Electronic Design

From The Labs

  • A transmission algorithm developed at the Department of Energy's Los Alamos National Laboratory could ease the transition to high-definition television (HDTV). By compressing the HDTV data stream, the algorithm allows HDTV and standard analog TV signals to be broadcast over the same channel. Broadcasters, who are required to begin transmission of HDTV by 2006, will be able to transmit the digital and analog formats using a single transmission system. Meanwhile, consumers can continue to use existing analog receivers without purchasing add-on converters. In HDTV receivers, the digital signal will be recovered by a software loop. Considered an interim solution, the compression reduces the signal's information content (in bits/pixel) by about 20% when compared with a dedicated HDTV transmission. The lab is now seeking qualified licensees for the technology.

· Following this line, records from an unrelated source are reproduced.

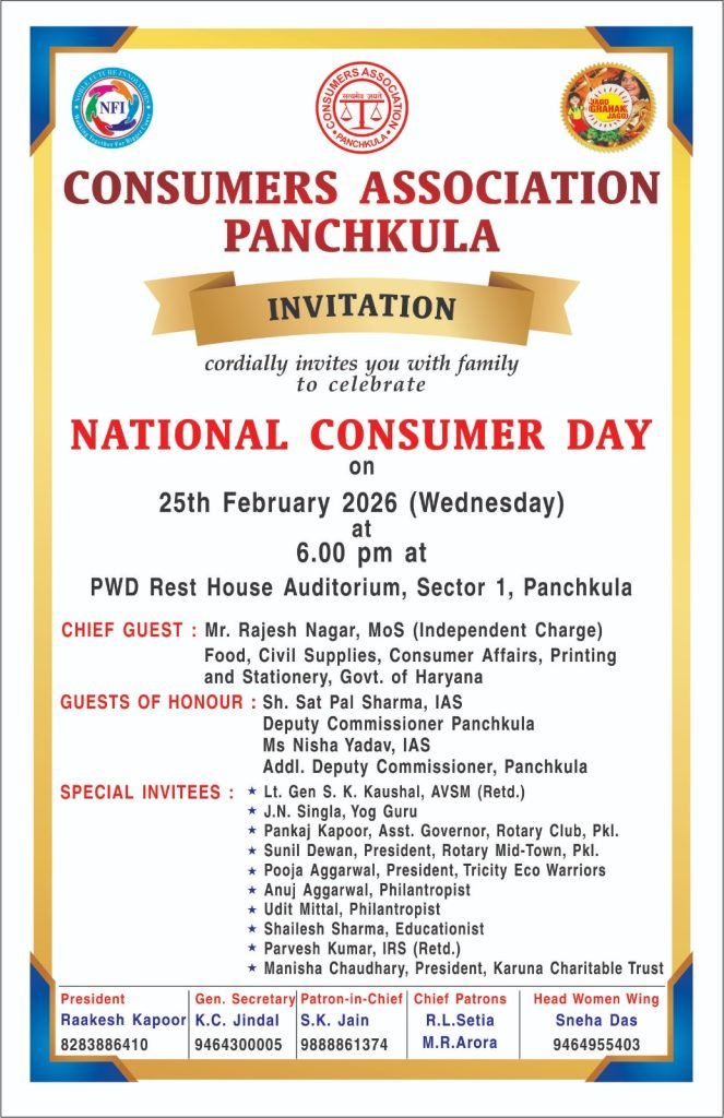पंचकूला, 22 फरवरी 2026। कंज्यूमर्स एसोसिएशन पंचकूला द्वारा 25 फरवरी (बुधवार) को राष्ट्रीय उपभोक्ता दिवस के उपलक्ष्य में भव्य समारोह का आयोजन किया जाएगा। कार्यक्रम शाम 6 बजे सेक्टर-1 स्थित पीडब्ल्यूडी रेस्ट हाउस ऑडिटोरियम में आयोजित होगा।
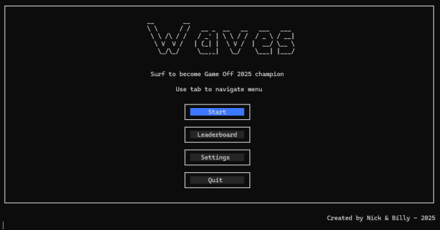 This project has been created for the Github Gameoff 2025 where the them was Waves. We wanted to try using RazorConsole in a project and this one seems like a great idea. This is effectively a full game engine written to run in a console app with physics based movement etc.
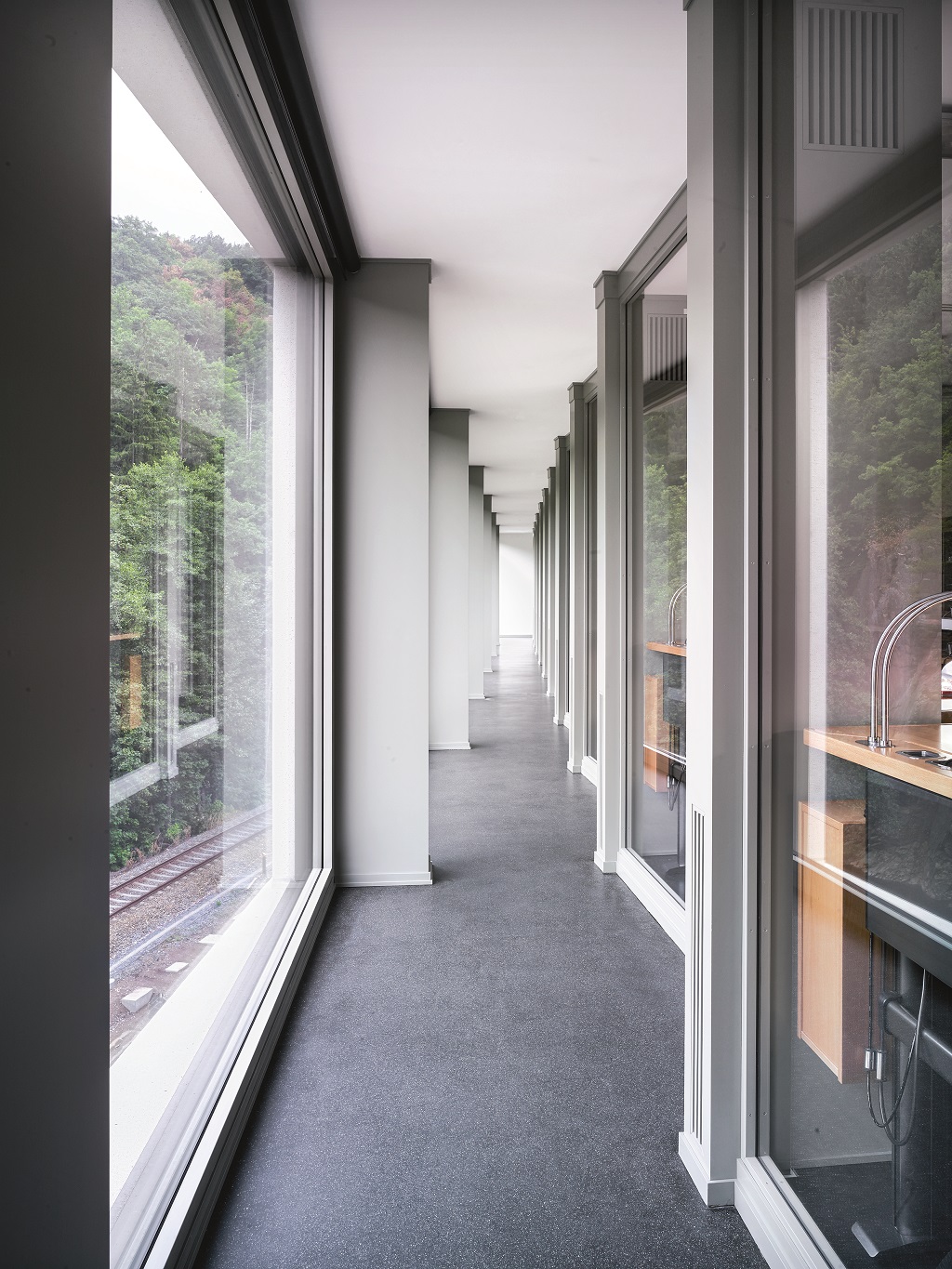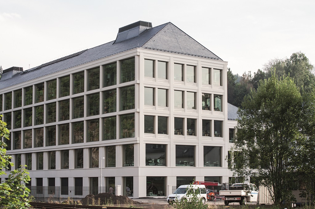 Благодаря светлому и четко структурированному фасаду комплекс из двух корпусов гармонично вписывается в историческую архитектурную среду. Слегка наклоненные широкоформатные окна обеспечивают хорошее освещение на рабочих местах.
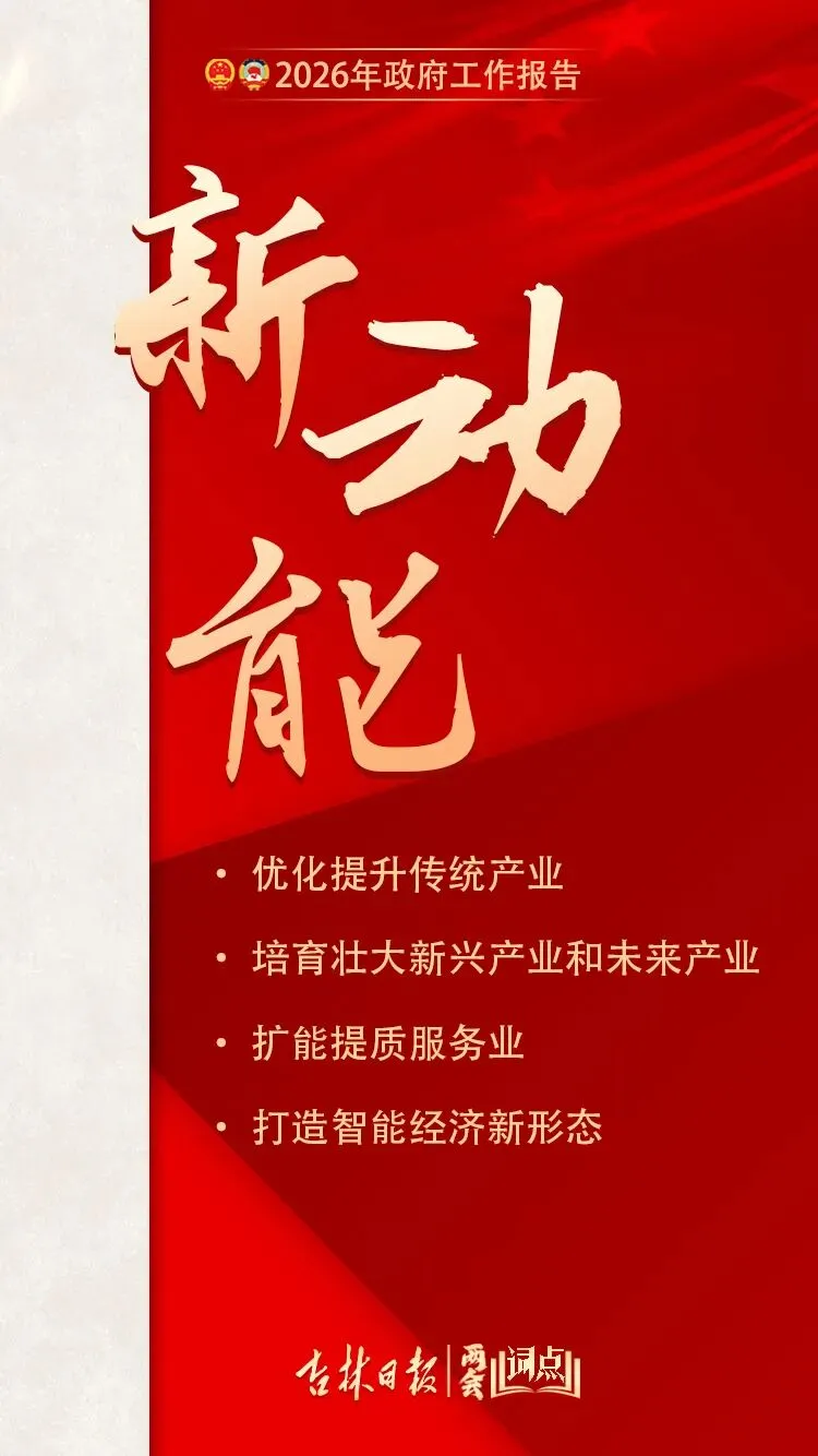 站在“十五五”开局的重要节点,全国两会隆重召开。全国两会不仅为中国式现代化擘画全局蓝图,更为新时代东北全面振兴提供行动遵循。2026年政府工作报告的一个个关键词,也是吉林精准对标的“施工图”和“任务书”。全省上下正在以一马当先的闯劲、快马加鞭的干劲、马不停蹄的韧劲,奋力推动高质量发展明显进位、全面振兴取得新突破!

  • Researchers at DuPont iTechnologies have developed a low-temperature cofired-ceramic (LTCC) technology that permits the construction of complex 3D shapes and channels within the substrate. Dubbed PI-LTCC, this photo-imageable material system produces high-resolution, fine-pitch via structures with vias as small as 50 µm. Moreover, it promises to deliver these benefits with increased productivity, lower tooling costs, and easier processing. By building channels and cavities within the ceramic body, it's possible to create heat pipes for thermal management. And by metallizing the buried channels, it should be possible to build electrochemical devices such as micro fuel cells and batteries as well as ultra-low-k cavities and electro-optical devices. Developed in conjunction with National Semiconductor in a DARPA-sponsored project, the PI-LTCC has the same fired film chemistry and properties as DuPont's 951 Green Tape. Details about the LTCC technology were presented in "New Photoimageable LTCC Technology for a Wide Range of Ceramic Architectures and Circuits" at the HD International Conference in April. Visit www.hd-international.com for more information.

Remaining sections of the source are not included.